START Entries shown

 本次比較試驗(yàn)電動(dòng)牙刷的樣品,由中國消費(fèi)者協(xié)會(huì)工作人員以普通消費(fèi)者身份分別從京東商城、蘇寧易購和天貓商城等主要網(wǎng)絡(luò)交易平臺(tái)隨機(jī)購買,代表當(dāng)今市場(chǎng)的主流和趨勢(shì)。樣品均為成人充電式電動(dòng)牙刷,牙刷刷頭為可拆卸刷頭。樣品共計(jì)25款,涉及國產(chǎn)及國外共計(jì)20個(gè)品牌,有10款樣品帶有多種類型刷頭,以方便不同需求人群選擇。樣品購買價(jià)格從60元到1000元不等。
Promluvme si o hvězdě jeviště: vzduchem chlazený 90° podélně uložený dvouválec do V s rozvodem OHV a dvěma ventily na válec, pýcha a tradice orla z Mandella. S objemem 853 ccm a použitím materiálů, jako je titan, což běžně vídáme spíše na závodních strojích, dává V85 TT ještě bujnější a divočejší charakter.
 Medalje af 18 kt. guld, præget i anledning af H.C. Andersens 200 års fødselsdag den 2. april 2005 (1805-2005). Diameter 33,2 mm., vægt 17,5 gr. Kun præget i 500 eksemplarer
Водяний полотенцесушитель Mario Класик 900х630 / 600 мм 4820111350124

END Entries shown
START Entries shown

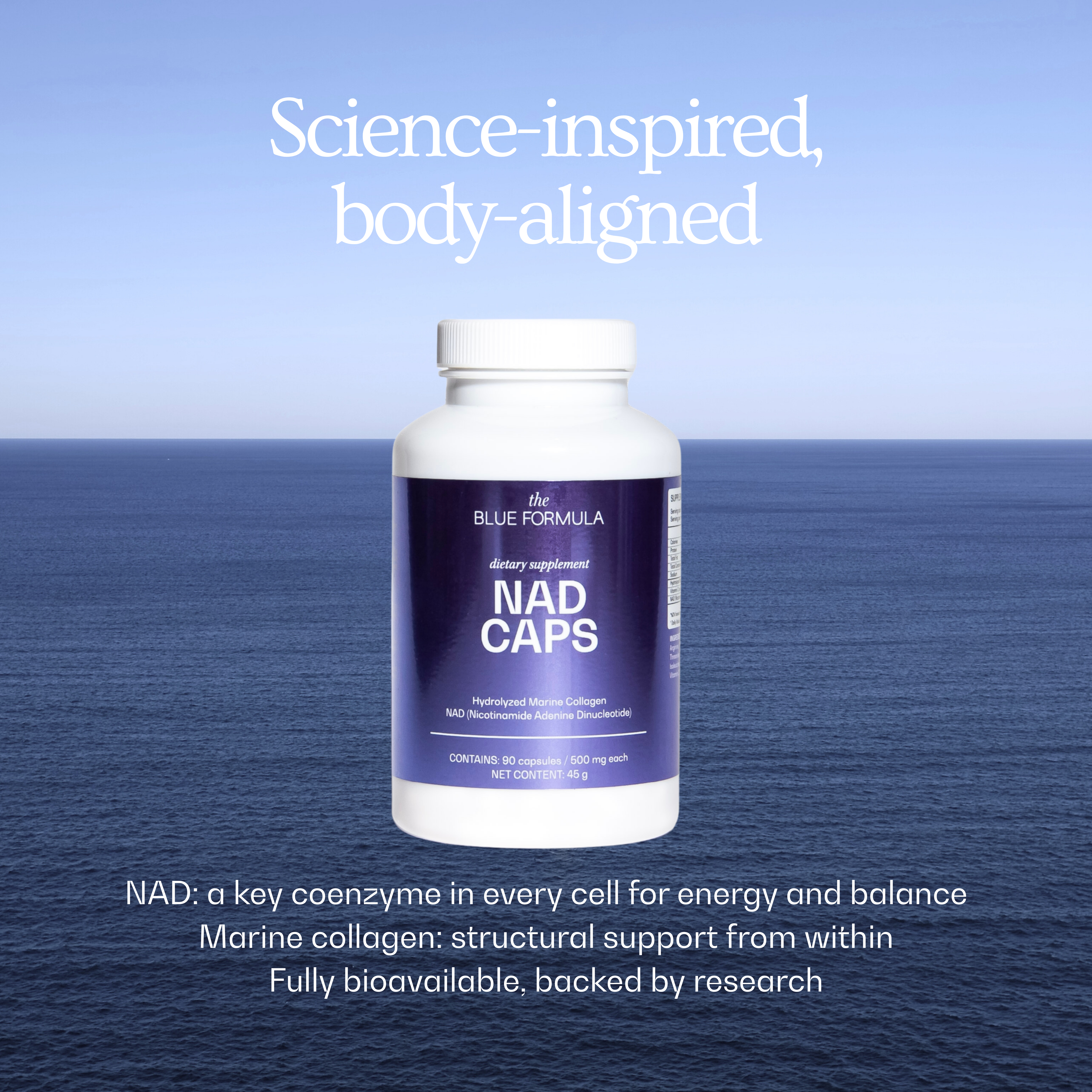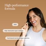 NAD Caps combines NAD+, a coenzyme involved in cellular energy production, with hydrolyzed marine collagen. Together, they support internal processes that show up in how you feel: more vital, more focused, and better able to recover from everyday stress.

END Entries shown
START Entries shown

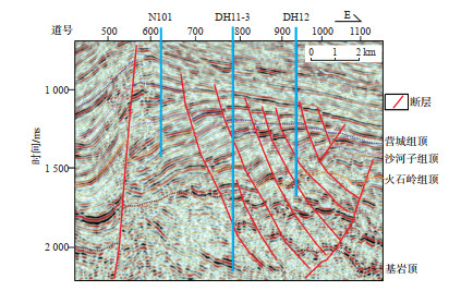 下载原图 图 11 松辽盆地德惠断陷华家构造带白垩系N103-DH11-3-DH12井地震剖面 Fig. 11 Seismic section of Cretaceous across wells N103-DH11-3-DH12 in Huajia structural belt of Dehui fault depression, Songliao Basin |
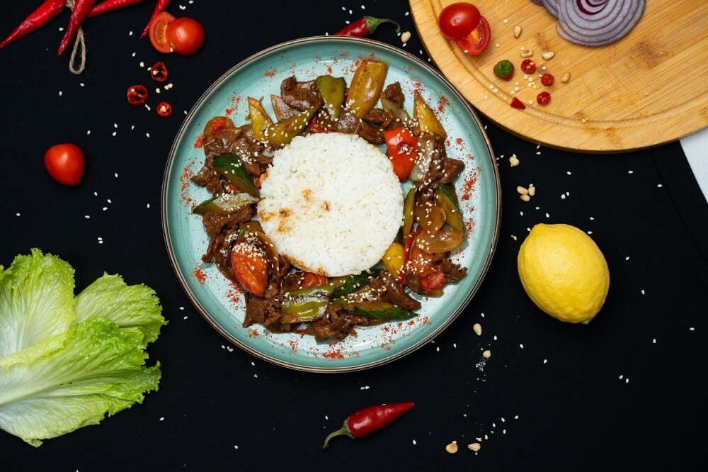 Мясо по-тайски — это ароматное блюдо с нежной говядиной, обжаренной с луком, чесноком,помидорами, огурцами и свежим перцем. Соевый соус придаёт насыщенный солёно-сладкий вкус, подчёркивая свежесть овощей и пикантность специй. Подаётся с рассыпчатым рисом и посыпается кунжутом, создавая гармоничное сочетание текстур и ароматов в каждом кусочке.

END Entries shown

Assignment
Could you repeat exactly the lines in the listing above from the one with "本次比較試驗(yàn)電動(dòng)牙" down to the one with "Promluvme si o"? Include both of those lines.

Answer section
 本次比較試驗(yàn)電動(dòng)牙刷的樣品,由中國消費(fèi)者協(xié)會(huì)工作人員以普通消費(fèi)者身份分別從京東商城、蘇寧易購和天貓商城等主要網(wǎng)絡(luò)交易平臺(tái)隨機(jī)購買,代表當(dāng)今市場(chǎng)的主流和趨勢(shì)。樣品均為成人充電式電動(dòng)牙刷,牙刷刷頭為可拆卸刷頭。樣品共計(jì)25款,涉及國產(chǎn)及國外共計(jì)20個(gè)品牌,有10款樣品帶有多種類型刷頭,以方便不同需求人群選擇。樣品購買價(jià)格從60元到1000元不等。
Promluvme si o hvězdě jeviště: vzduchem chlazený 90° podélně uložený dvouválec do V s rozvodem OHV a dvěma ventily na válec, pýcha a tradice orla z Mandella. S objemem 853 ccm a použitím materiálů, jako je titan, což běžně vídáme spíše na závodních strojích, dává V85 TT ještě bujnější a divočejší charakter.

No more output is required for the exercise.